ГЛАВА ЧЕТВЕРТАЯ

1

Секретарь рудоуправления, немолодая уже женщина, передавая Истомину утреннюю почту, сказала:

— Андрей Павлович только что вышел. Он просил передать, что пробудет на радиостанции около часа.

Истомин кивнул. Так повторялось каждое утро, вот уже две недели. Пока Истомин прогуливался и изучал важные циркуляры, новый управляющий работал в своем кабинете. В девять часов он отправился на радиостанцию — гордость всего рудоуправления — и разговаривал с руководителями рудников.

Эту странность двух начальников — не встречаться по утрам — сразу приметили служащие. Трудно сказать, что таилось за этой странностью: скрытое недружелюбие между новым управляющим и старым главным инженером или привычки, которые властвовали над обоими?

Сегодня из просмотренной утром почты Истомин больше всего уделил внимания письму Лукьянова. Начальник экспедиции подробно описал историю Виктора Разумова и просил утвердить его горным десятником. Ходатайство свое начальник экспедиции подтвердил и в устной форме, когда приезжал за продуктами и оборудованием.

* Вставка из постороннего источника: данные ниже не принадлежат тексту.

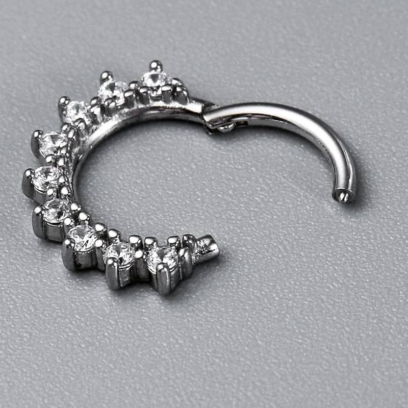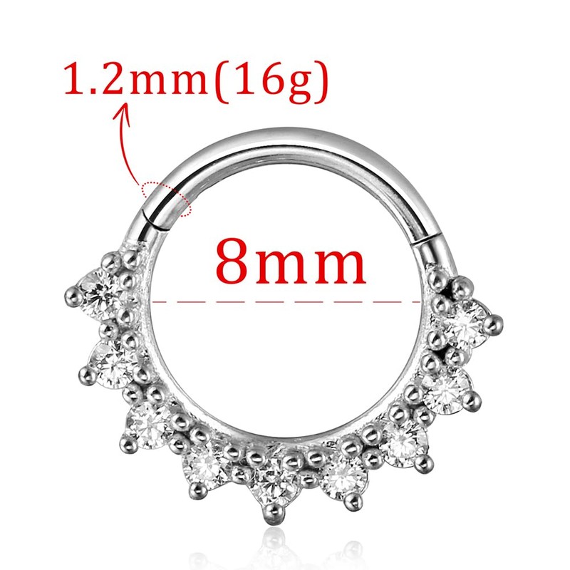 Twolobes 1PCS 16G/8mm Silver Surgical Stainless Steel Segment Nose Rings CZ,Cartilage Clicker Hoop Earrings for Rook, Daith, Tragus, Hypoallergenic for men and women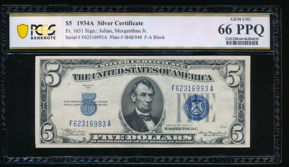 One 1934A $5 Silver Certificate PCGS 66PPQ.
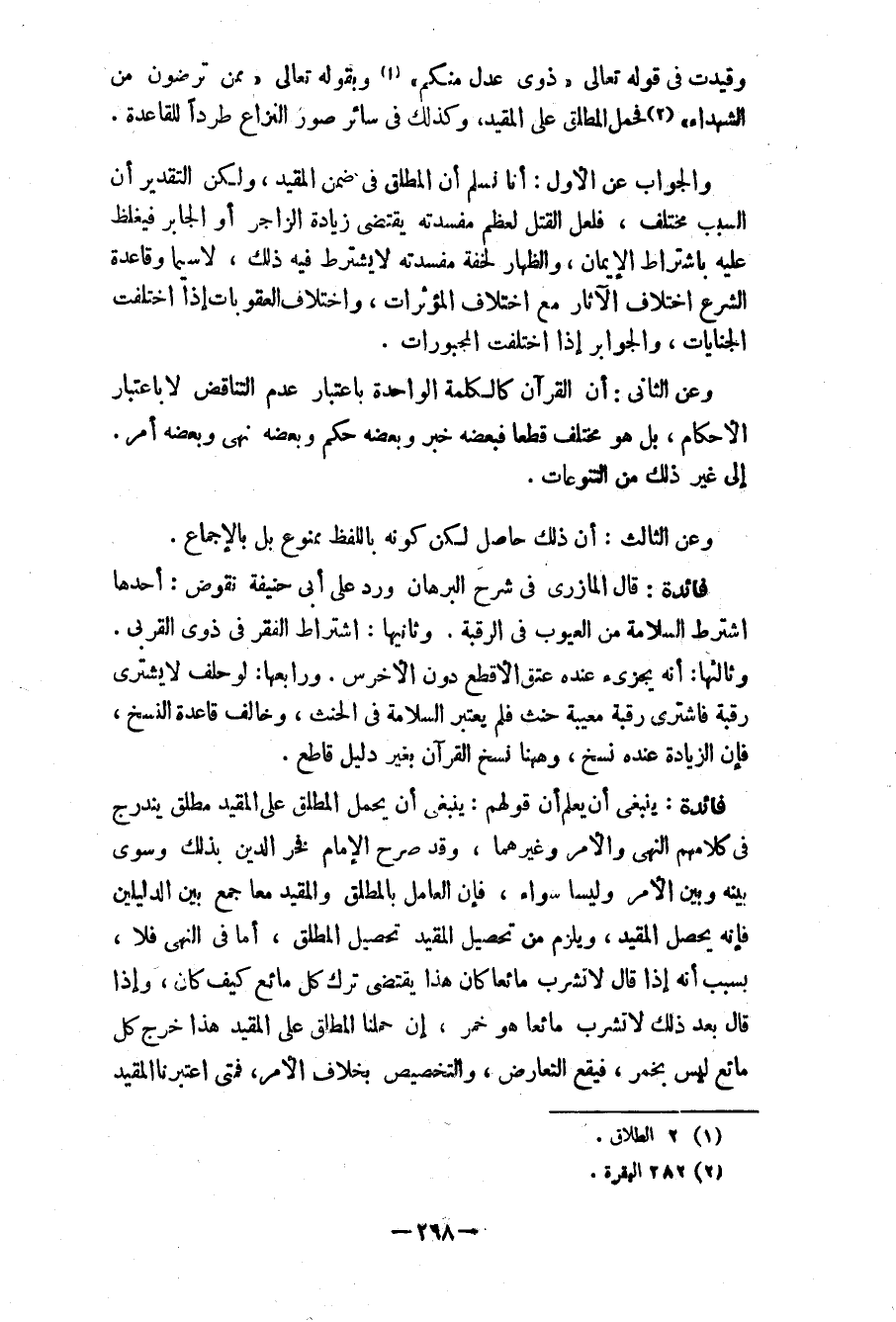 وقيدت في قوله تعالى: «ذوى عدل منكم» (¬1) وبقوله تعالى: «ممن ترضون من الشهداء» (¬2) فحمل المطلق على المقيد، وكذلك في سائر صور النزاع طرداً للقاعدة.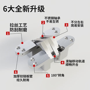 隐形门合页暗装 门三维可调暗藏室内木门折叠门外开不锈钢十字铰链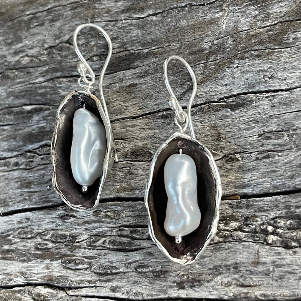 The pod earrings are cast in sterling silver with a baroque pearl in each pod.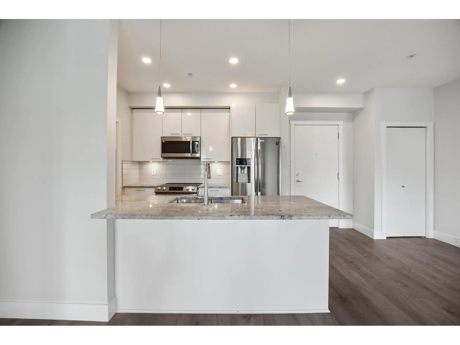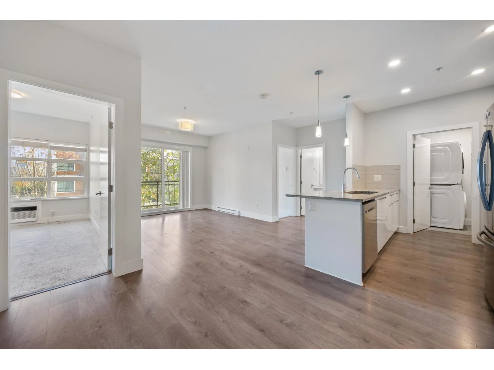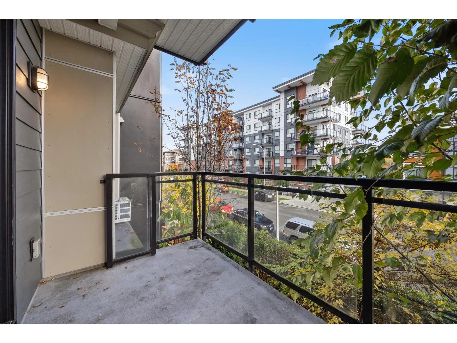 Welcome to The Wesley at Brydon Creek! This stunning 2-bedroom, 2-bathroom home features a bright, open-concept layout with bedrooms thoughtfully positioned on opposite sides for maximum privacy. Enjoy high-end finishes throughout, including granite countertops, stainless steel appliances, 9-foot ceilings, and air conditioning in the primary suite. Includes 1 parking stall and 1 storage locker. Perfectly situated within walking distance to Brydon Park and Baldi Creek Trail, and just minutes from Newlands Golf & Country Club, Willowbrook Mall, Costco, Walmart, T&T, Canadian Tire, Home Depot, schools, restaurants and more. Commuting is easy with nearby public transit, highway access, and the future SkyTrain line coming soon. Call today to book your private showing! (id:27476)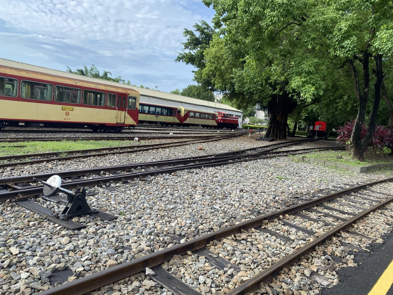 阿里山向けの電車や昔のSL機関車が展示してあるところです。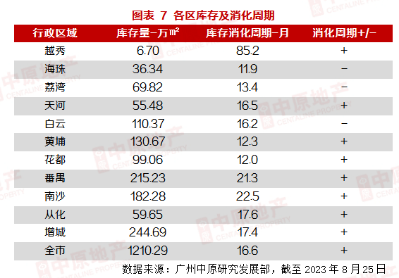 依广州中原发展研究部统计数据显示,由于今年6-8月成交量出现明显下滑,去化能力减弱,导致广州一手住宅库存消化周期“抬头”,目前已逼近17个月水平,处于年内高位。

«Интересно! Учился семь лет на двух факультетах. Сын крупного инженера, родной племянник известного всей Москве архитектора. Второй дядя — не менее известен: художник, родной сын портретиста Разумова! Но… умный ли человек? Лукьянов, кажется, перехватил. Разве стал бы умный человек драться в приличном доме… Но утвердить нужно».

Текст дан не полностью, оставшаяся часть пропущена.